Drug Stocks Offer Long-Term Investment Opportunities

In  a recent article I wrote that U.S. public healthcare spending is projected to exceed private spending by 2012. U.S. healthcare expenditures was estimated to reach about 17.3% of the GDP in 2009. One of the beneficiaries of all this spending are the companies in the healthcare industry such drug makers, health insurers, etc. They all may perform well in the coming years.

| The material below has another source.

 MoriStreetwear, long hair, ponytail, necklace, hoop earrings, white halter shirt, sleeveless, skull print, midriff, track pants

The table below lists the major drug stocks trading on the NYSE:


AstraZeneca plc, GlaxoSmithKline plc, Novartis AG and Tongjitang Chinese Medicines Co. are the four foreign drug companies in the list. U.K-based AstraZeneca (AZN) is the owner of many top selling drugs including the “purple pill” Nexium which is used for the treatment of Gastroesophageal reflux disease (GERD). Currently AZN offers a 7.75% dividend yield. GlaxoSmithKline (GSK) is another British giant whose products are sold in over 150 countries. GSK pays a 6.02% dividend. Switzerland-based Novartis(NVS) had sales of over $45B last year.Tongjitang Chinese Medicines Co (TCM) is a specialty drug company that is engaged in the manufacture of modernized traditional Chinese medicine.

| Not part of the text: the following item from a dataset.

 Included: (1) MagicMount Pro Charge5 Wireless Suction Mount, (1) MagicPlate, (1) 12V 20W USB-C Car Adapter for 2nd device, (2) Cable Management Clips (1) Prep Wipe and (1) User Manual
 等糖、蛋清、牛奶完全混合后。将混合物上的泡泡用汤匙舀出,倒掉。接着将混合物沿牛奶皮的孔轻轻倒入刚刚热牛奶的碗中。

Among the U.S. companies, Johnson and Johnson(JNJ) is by far the largest maker of a wide range of healthcare products. JNJ was founded in 1886. The stock is a high quality long-term consistent performer. Form JNJ’s investor site:

Our consistent performance has enabled us to deliver an exceptional track record of growth that few, if any, companies can claim: 76 consecutive years of sales increases; 25 consecutive years of adjusted earnings increases; and 47 consecutive years of dividend increases. Over the last 10 years, Johnson & Johnson stock generated a 5.6 percent total return for investors compared to a -1.4 percent total return for the S&P 500.”